**What is expected:**
Look for the line with "snowy mountain peaks" in the entries below, then extract that line and all lines after it exactly, with pictures left out.

--- START ---

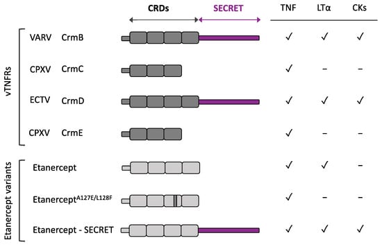 - Pontejo, S.M.; Alejo, A.; Alcami, A. Comparative Biochemical and Functional Analysis of Viral and Human Secreted Tumor Necrosis Factor (TNF) Decoy Receptors. J. Biol. Chem. 2015, 290, 15973–15984. [Google Scholar] [CrossRef] [PubMed]
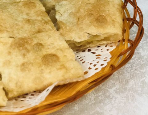 ...,油面皮儿又酥又脆,竹肠过油肥香无比,从中咬不断,一吃就是一大块,弹韧拗口,囫囵咽下去,太解馋
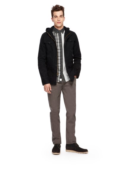 Hooded Parka in Navy, $69.99 Button Down Shirt in Mixed Plaid, $29.99 Canvas Pant in Gray, $34.99 Desert Boot in Charcoal, $44.99
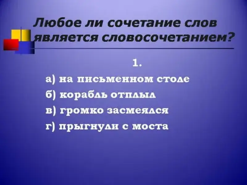 Выполните тестовые задания. Укажите варианты, в которых отсутствуют словосочетания.
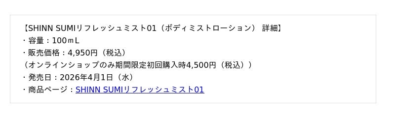 株式会社ヒューレー(本社:北海道札幌市)日常の生活に寄り添い、揺らがない肌の基礎「‐芯‐」をつくるというコンセプトのもと、スキンケア商品を展開する北海道生まれのスキンケアブランド「SHINN(シン)」からボディミストローションが2026年4月1日(水)よりオンラインストアにて発売。
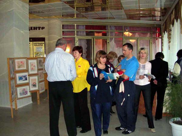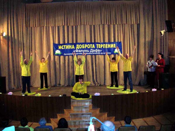 来参观的人们在演出后对法轮功表示了极大的兴趣,纷纷取走了真象材料。
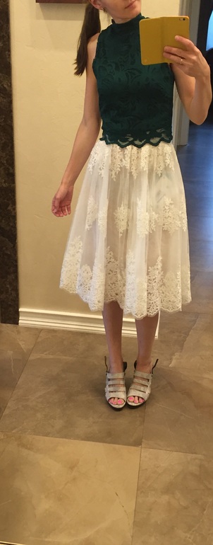 Если судить только по фото, кружевной топ к белой юбке идеален!!!
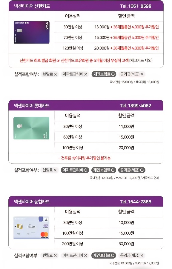 차량이 클수록 고급차량일수록, 한 번에 4개 타이어를 한 번에 교체하는 비용은 좀 부담이 되는게 사실인데. 월납 방식에다가 제휴카드 사용 시 추가 할인까지 가능하니, 전략을 잘 세우면 이득이겠다 싶었습니다. (저도 보유차량이 SUV 차량이고 4개를 한 번에 교체할 시기라서 금액부담이 좀 되는 상황이었어요.)
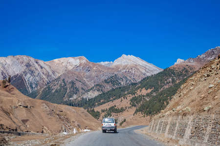 snowy mountain peaks on the Ala Bel pass, Bishkek Osh Highway M41 in Kyrgyzstan
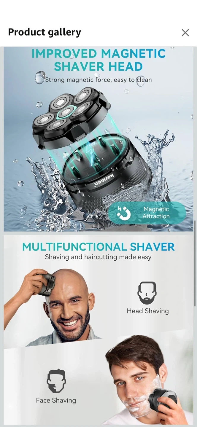 - Improved magnetic shaver head: Strong magnetic force, easy to clean
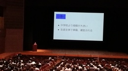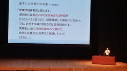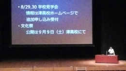 2023年09月29日(金) 行事 「津高入門講座」を実施しました。【2023.8.17】 「津高入門講座」を三重県総合文化センター大ホールにて実施しました。中学1~3年生のみなさんおよびその保護者の方がたに津高校のことをよく知っていただくための行事です。 入門講座パンフレット 第1部 学校長挨拶 生徒会長挨拶 そして現役津高生が「津高の魅力」を伝えます。 音楽部による校歌斉唱 第2部 ・津高の学習指導について ・津高の進路指導について 運営してくれた津高入門講座生徒スタッフ

--- END ---

**Written answer:**
 snowy mountain peaks on the Ala Bel pass, Bishkek Osh Highway M41 in Kyrgyzstan
 - Improved magnetic shaver head: Strong magnetic force, easy to clean
 2023年09月29日(金) 行事 「津高入門講座」を実施しました。【2023.8.17】 「津高入門講座」を三重県総合文化センター大ホールにて実施しました。中学1~3年生のみなさんおよびその保護者の方がたに津高校のことをよく知っていただくための行事です。 入門講座パンフレット 第1部 学校長挨拶 生徒会長挨拶 そして現役津高生が「津高の魅力」を伝えます。 音楽部による校歌斉唱 第2部 ・津高の学習指導について ・津高の進路指導について 運営してくれた津高入門講座生徒スタッフ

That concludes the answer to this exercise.